→ **TRY IT**:
Exact copy, pictures excluded: please retype the lines from the start of the material through the line containing "оформления ванных комнат.", both ends included, and nothing more.

[[ SUPPLIED MATERIAL open ]]

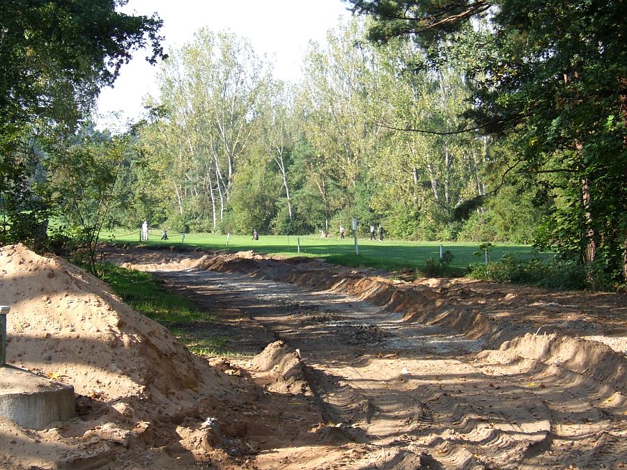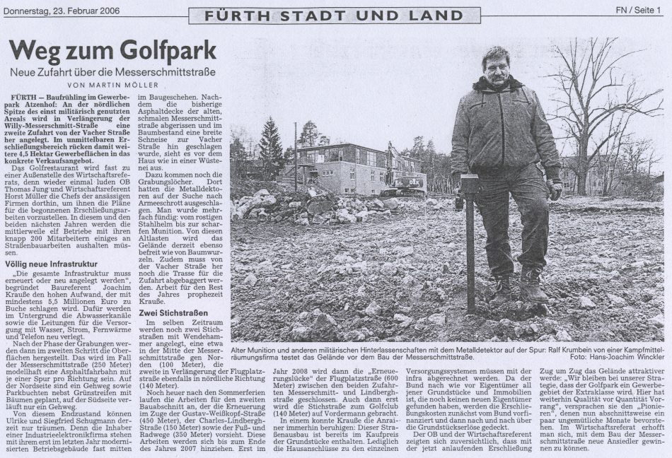 of the "Golfpark" with more than 5.5 Million Euro. A second entrance gate will be opend along Vacher Straße (alongside fairway 8). The supply lines (water, Sewage, natural gas) will be upgraded, street surfaces will be renewed and sidewalks will be added. With metal detectors "Army scrap" is identified and then removed (from steel helmets to ammunition). See "Fürther Nachrichten" from 23 February 2006. |
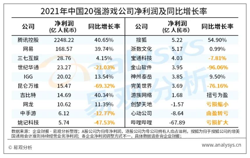 中国20强游戏公司2021年财报分析:业绩大分化时代,开始优胜劣汰
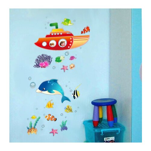 Интерьерная наклейка "Подводная лодка" подводная лодка, дельфин, морские обитатели, для оформления ванных комнат.
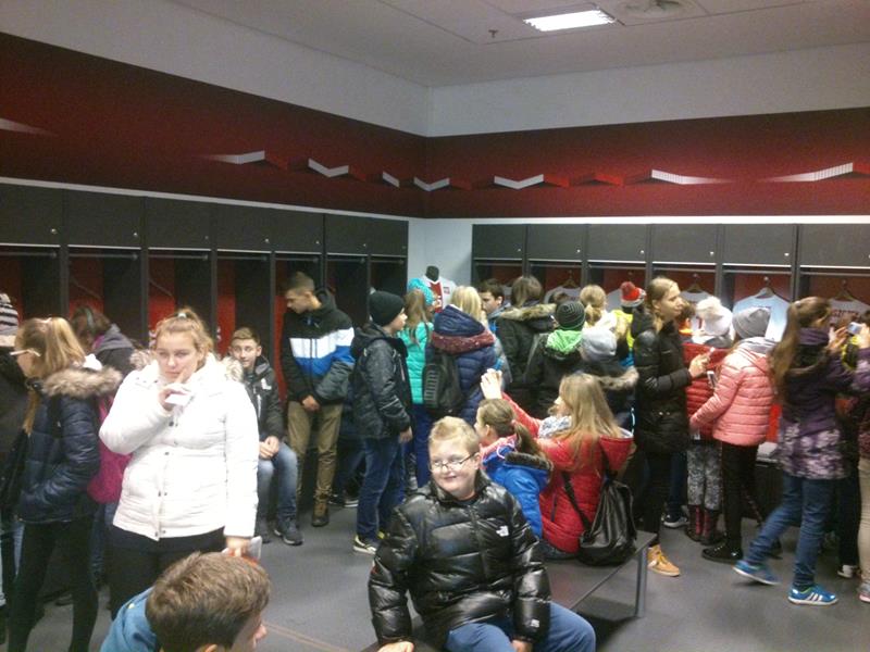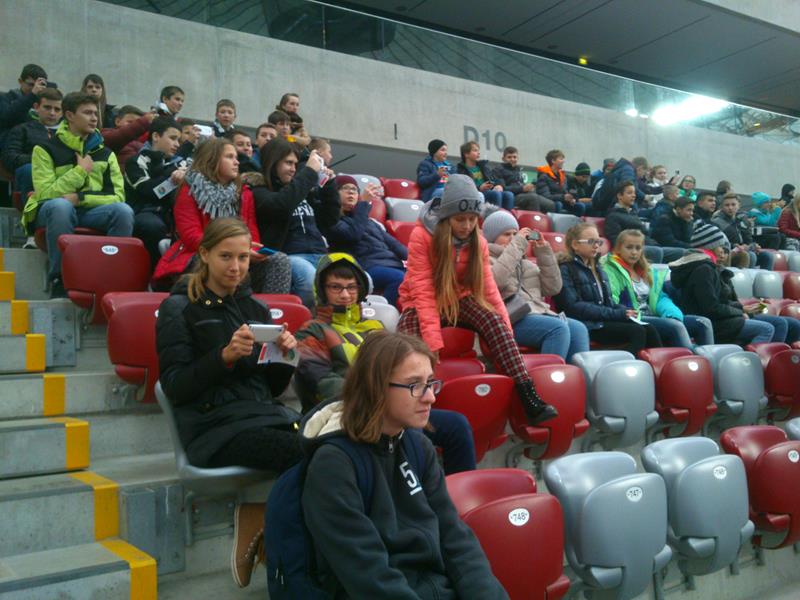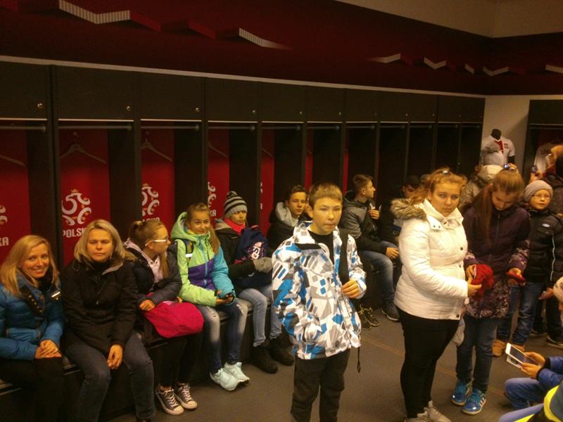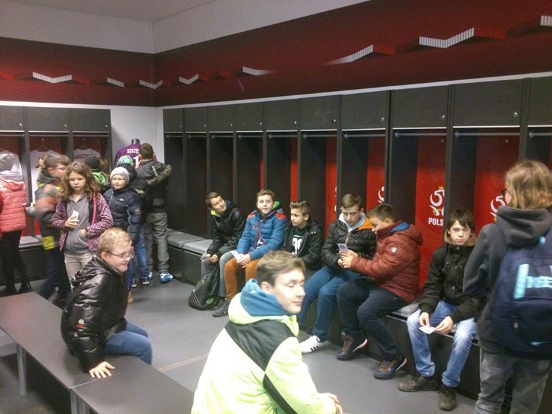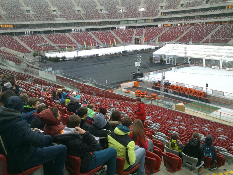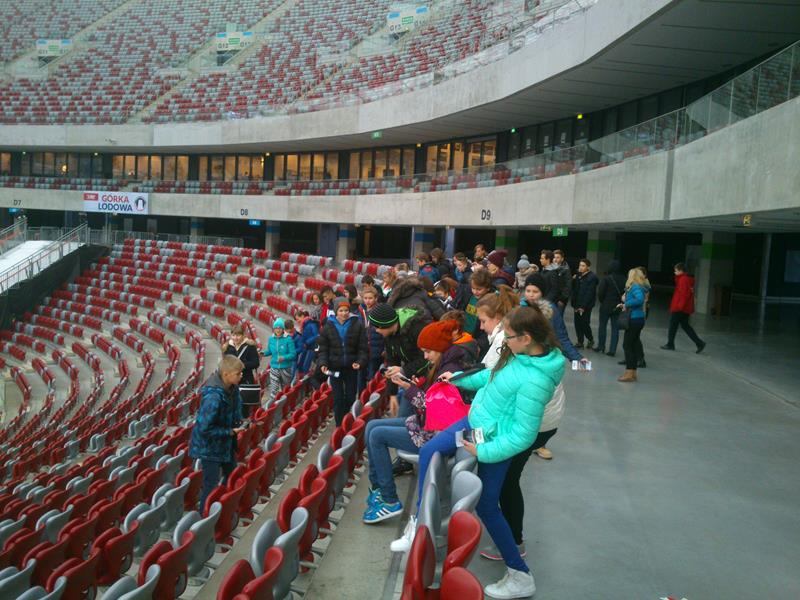 Pierwszym etapem wycieczki był Stadion PGE Narodowy. Uczniowie mieli możliwość obejrzeć zarówno trybuny, jak i pozostałe pomieszczenia stadionu, niedostępne do obejrzenia na co dzień. Przewodnik wycieczki zaznajomił uczniów z podstawowymi informacjami na temat budowy stadionu – genezy jego powstania, przeznaczenia obiektu oraz możliwości objętościowych budowli. Uczniowie zwiedzili nie tylko trybuny, ale również szatnie, salę konferencyjną, salę bankietową czy studio pracy dziennikarzy.

[[ SUPPLIED MATERIAL closed ]]

→ **TASK RESPONSE**:
 of the "Golfpark" with more than 5.5 Million Euro. A second entrance gate will be opend along Vacher Straße (alongside fairway 8). The supply lines (water, Sewage, natural gas) will be upgraded, street surfaces will be renewed and sidewalks will be added. With metal detectors "Army scrap" is identified and then removed (from steel helmets to ammunition). See "Fürther Nachrichten" from 23 February 2006. |
 中国20强游戏公司2021年财报分析:业绩大分化时代,开始优胜劣汰
 Интерьерная наклейка "Подводная лодка" подводная лодка, дельфин, морские обитатели, для оформления ванных комнат.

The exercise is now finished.